BGH sieht zu mildes Urteil
Das erste Urteil ein Jahr früher hat der Bundesgerichtshof dagegen weitgehend kassiert und festgelegt, dass das Landgericht 1 in München hier neu verhandeln und entscheiden soll. Im ersten Prozess hatten die Richter Wolbergs zwar für einen Teil der Parteispenden wegen des weniger schwerwiegenden Korruptionsdelikt Vorteilsannahme verurteilt, aber von einer Strafe abgesehen. Das Verfahren, die Untersuchungshaft, gravierende Ermittlungsfehler und die Berichterstattung über seinen Fall seien so massiv gewesen, dass eine Bestrafung nicht mehr angemessen sei, so das Gericht damals.
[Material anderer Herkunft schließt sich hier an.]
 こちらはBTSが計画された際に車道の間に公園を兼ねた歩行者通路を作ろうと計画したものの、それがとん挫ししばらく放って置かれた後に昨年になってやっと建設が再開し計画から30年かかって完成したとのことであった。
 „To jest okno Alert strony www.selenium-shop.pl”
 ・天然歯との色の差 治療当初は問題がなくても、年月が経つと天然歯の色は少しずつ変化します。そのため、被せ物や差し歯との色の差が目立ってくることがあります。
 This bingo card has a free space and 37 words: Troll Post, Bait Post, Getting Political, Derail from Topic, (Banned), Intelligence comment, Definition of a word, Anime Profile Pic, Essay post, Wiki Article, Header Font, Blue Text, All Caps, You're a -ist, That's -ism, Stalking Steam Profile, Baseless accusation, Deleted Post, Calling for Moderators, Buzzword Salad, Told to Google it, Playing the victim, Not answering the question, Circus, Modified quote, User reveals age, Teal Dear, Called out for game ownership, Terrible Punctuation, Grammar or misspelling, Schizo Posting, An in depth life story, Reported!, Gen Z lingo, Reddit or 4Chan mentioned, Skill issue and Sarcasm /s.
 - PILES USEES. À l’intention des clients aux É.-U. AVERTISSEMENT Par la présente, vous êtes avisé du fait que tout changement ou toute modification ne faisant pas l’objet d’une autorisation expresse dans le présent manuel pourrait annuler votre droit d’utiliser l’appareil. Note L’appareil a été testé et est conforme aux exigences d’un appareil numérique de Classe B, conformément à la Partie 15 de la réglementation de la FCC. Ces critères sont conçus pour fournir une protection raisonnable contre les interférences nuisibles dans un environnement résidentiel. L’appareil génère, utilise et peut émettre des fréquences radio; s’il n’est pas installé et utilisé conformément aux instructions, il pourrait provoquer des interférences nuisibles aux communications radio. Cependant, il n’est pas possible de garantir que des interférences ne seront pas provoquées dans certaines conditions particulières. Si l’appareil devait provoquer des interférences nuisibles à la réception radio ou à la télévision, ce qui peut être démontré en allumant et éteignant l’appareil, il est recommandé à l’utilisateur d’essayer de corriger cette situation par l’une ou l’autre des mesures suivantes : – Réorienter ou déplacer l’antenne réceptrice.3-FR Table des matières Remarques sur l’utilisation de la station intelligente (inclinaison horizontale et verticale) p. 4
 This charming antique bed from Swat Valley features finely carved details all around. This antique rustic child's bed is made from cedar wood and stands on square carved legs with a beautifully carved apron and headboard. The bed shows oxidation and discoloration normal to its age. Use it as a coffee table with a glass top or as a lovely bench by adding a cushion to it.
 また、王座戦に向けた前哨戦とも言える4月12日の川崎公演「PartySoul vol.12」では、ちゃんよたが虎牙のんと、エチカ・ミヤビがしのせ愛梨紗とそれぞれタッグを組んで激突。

Revision der Staatsanwaltschaft erfolgreich
Der Bundesgerichtshof sah das im Rahmen der Revision anders. Von Strafe dürfe nur in absoluten Ausnahmefällen abgesehen werden, so die BGH-Richter. Zudem müsse nochmal genauer auf private Vorteile geschaut werden. Denn Wolbergs hatte nicht nur hohe Parteispenden für seinen SPD-Ortsverein erhalten. Das Unternehmen des damals mitangeklagten Immobilienunternehmers soll auch Handwerkerrechnungen für Wolbergs übernommen und Wolbergs’ Umfeld Rabatte bei Wohnungskäufen gewährt haben.
Der Unternehmer musste sich in der Zwischenzeit ebenfalls einer Prozess-Neuauflage stellen. Nach einem Deal mit Gericht und Staatsanwaltschaft legte er ein weitgehendes Geständnis ab, gab zu verdeckt mit der Hilfe von Strohmännern und -frauen an die SPD gespendet zu haben und belastete Wolbergs. Das Gericht verurteilte ihn daraufhin wegen Vorteilsgewährung und Verstoß gegen das Parteiengesetz zu einer Bewährungsstrafe von eineinhalb Jahren und einer Geldstrafe in Millionenhöhe.
Geld- oder Freiheitsstrafe möglich
Wolbergs’ Verteidiger Peter Witting hatte diese Verständigung scharf kritisiert [externer Link, möglicherweise Bezahlinhalt]. Das Geständnis des ehemaligen Mitangeklagten erschwert die Verteidigungsstrategie für Wolbergs erheblich. Für den Verteidiger beantwortet es aber noch nicht alle Fragen: So sei offen, ob sein Mandant von dem Strohmannsystem gewusst habe. Einen ähnlichen Deal wie beim Immobilienunternehmer schließen Wolbergs und sein Verteidiger jedenfalls vor Prozessbeginn aus.
Wolbergs hofft auf Richter, die ihm zuhören
Sollte am Ende der Neuauflage des Prozesses, für den 13 Verhandlungstage angesetzt sind, erneut eine Verurteilung wegen Vorteilsannahme stehen, droht Wolbergs eine Strafe, die von einer Geldstrafe bis hin zu einer Freiheitsstrafe von drei Jahren reichen könnte. "Da geht es um relativ viel", so Wolbergs deshalb auch in seiner Videobotschaft wenige Tage vor Prozessbeginn. Alles, was er sich erhoffe, sei eine Kammer, die sich wirklich für die Dinge interessiere und ihm erlaube, seine Sicht der Dinge darstellen zu können, so Wolbergs. "Dann können mir die Richterinnen und Richter sagen, ob sie mir glauben oder nicht."